Content starts

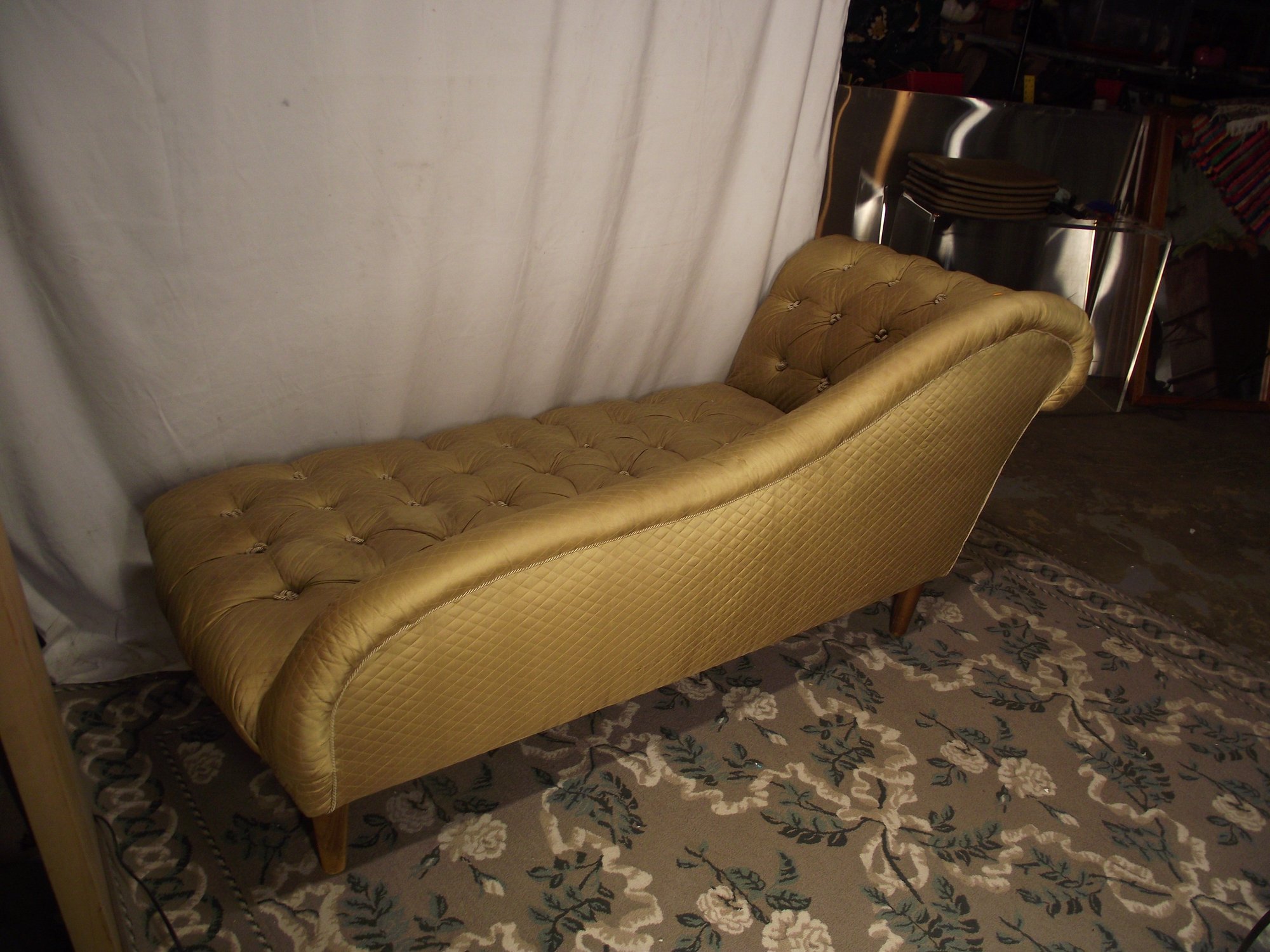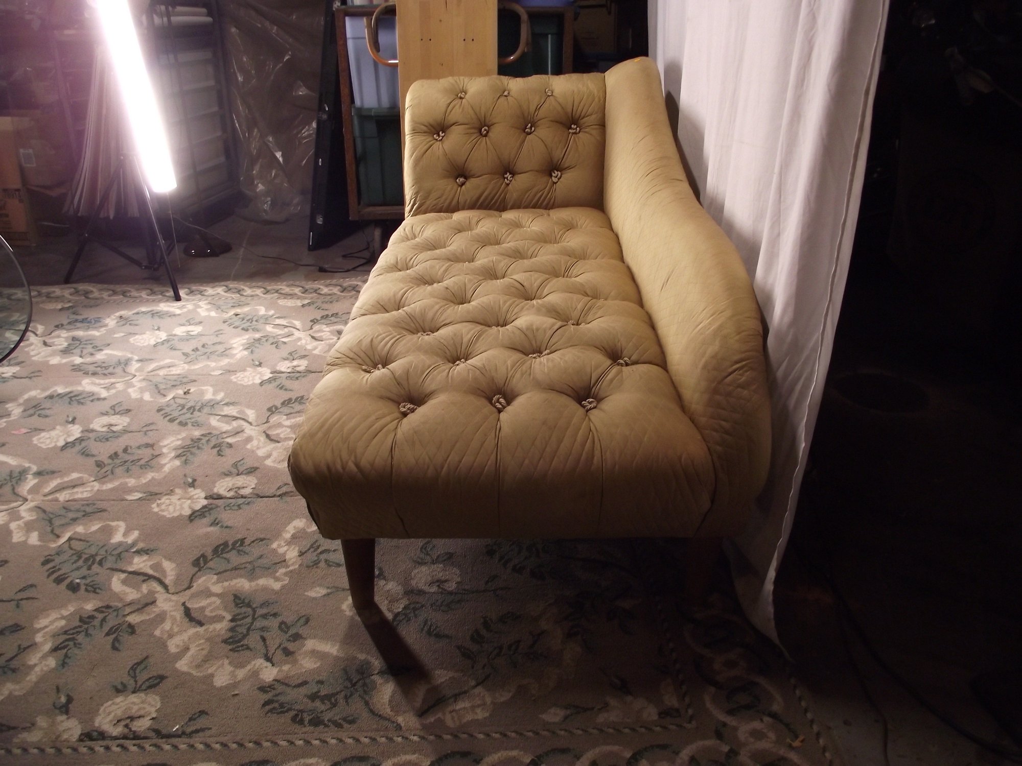 TUFTED CHASE LOUNGE COUCH. SEE PHOTOS FOR CONDITION.
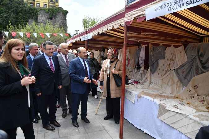 Trabzon kadınının girişimci olduğunu ama kooperatifleşme anlamında eksikliklerin olduğuna vurgu yapan Trabzon Valisi İsmail Ustaoğlu, “Her yıl bu meydan renkleniyor, güzelleşiyor. Tabi ki, renklenen, güzelleşen meydanımızın mimarları da hanımefendiler oluyor. Onlar zerafetiyle, nezaketiyle ve gerçekten hep deriz ya, ‘kadının dokunduğu her yerde bir nezaket zerafet vardır, düzen vardır, nizam intizam vardır.’ İşte bugün burada da Trabzonlu hanımların yapmış olduğu el emeği, göz nuru eserlerinin açılışını gerçekleştireceğiz. Kadınlarımız bazen sevgisini, bazen öfkesini, bazen farklı duygularını katarak, ilmik ilmik, nakış nakış çok güzel eserler üretiyorlar. Diğer yandan bizim kadim kültürümüzde çok ayrı yeri olan sanatları, kültürümüzü ilmik ilmik, adeta nakış nakış işliyorlar. Bu da gerçekten bizim geçmişten geleceğe verebileceğimiz nenelerimizden torunlarımıza diyebileceğimiz birçok kültürel mirasımızın da yaşatılması adına, gelecek nesillere aktarılması adına da ayrı bir anlam ifade ediyor. Trabzon kadını girişimcidir, kültür, sanatta çok görevler ifa etmiştir ama kooperatifleşme noktasında ilimiz maalesef çok zayıftı. Şu an itibarıyla ilimizde bildiğim kadarıyla 8 tane kadın kooperatifimiz faaliyete geçti. Son iki yılda. İnşallah, bundan sonraki süreçte de kooperatifleşerek kolektif bir anlayış içerisinde gayret edeceğiz.” dedi.
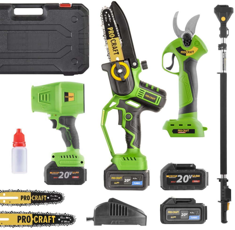 Tato komplexní sada Procraft nabízí vše, co potřebujete pro komfortní, rychlou a přesnou údržbu zahrady. Obsahuje výkonnou aku ruční pilku PKA32Li pro řezání větví, silové aku nůžky ES28LiBB pro čisté střihy, lehký a mobilní aku fukar PB18 pro úklid a praktický prodlužovací nástavec EP2.0R, který umožňuje bezpečně dosáhnout i na vyšší větve bez žebříku.

Content ends

Task instructions ▸
The whole listing above, minus its pictures, is what you should write out word for word.

Reply ▸
 TUFTED CHASE LOUNGE COUCH. SEE PHOTOS FOR CONDITION.
 Trabzon kadınının girişimci olduğunu ama kooperatifleşme anlamında eksikliklerin olduğuna vurgu yapan Trabzon Valisi İsmail Ustaoğlu, “Her yıl bu meydan renkleniyor, güzelleşiyor. Tabi ki, renklenen, güzelleşen meydanımızın mimarları da hanımefendiler oluyor. Onlar zerafetiyle, nezaketiyle ve gerçekten hep deriz ya, ‘kadının dokunduğu her yerde bir nezaket zerafet vardır, düzen vardır, nizam intizam vardır.’ İşte bugün burada da Trabzonlu hanımların yapmış olduğu el emeği, göz nuru eserlerinin açılışını gerçekleştireceğiz. Kadınlarımız bazen sevgisini, bazen öfkesini, bazen farklı duygularını katarak, ilmik ilmik, nakış nakış çok güzel eserler üretiyorlar. Diğer yandan bizim kadim kültürümüzde çok ayrı yeri olan sanatları, kültürümüzü ilmik ilmik, adeta nakış nakış işliyorlar. Bu da gerçekten bizim geçmişten geleceğe verebileceğimiz nenelerimizden torunlarımıza diyebileceğimiz birçok kültürel mirasımızın da yaşatılması adına, gelecek nesillere aktarılması adına da ayrı bir anlam ifade ediyor. Trabzon kadını girişimcidir, kültür, sanatta çok görevler ifa etmiştir ama kooperatifleşme noktasında ilimiz maalesef çok zayıftı. Şu an itibarıyla ilimizde bildiğim kadarıyla 8 tane kadın kooperatifimiz faaliyete geçti. Son iki yılda. İnşallah, bundan sonraki süreçte de kooperatifleşerek kolektif bir anlayış içerisinde gayret edeceğiz.” dedi.
 Tato komplexní sada Procraft nabízí vše, co potřebujete pro komfortní, rychlou a přesnou údržbu zahrady. Obsahuje výkonnou aku ruční pilku PKA32Li pro řezání větví, silové aku nůžky ES28LiBB pro čisté střihy, lehký a mobilní aku fukar PB18 pro úklid a praktický prodlužovací nástavec EP2.0R, který umožňuje bezpečně dosáhnout i na vyšší větve bez žebříku.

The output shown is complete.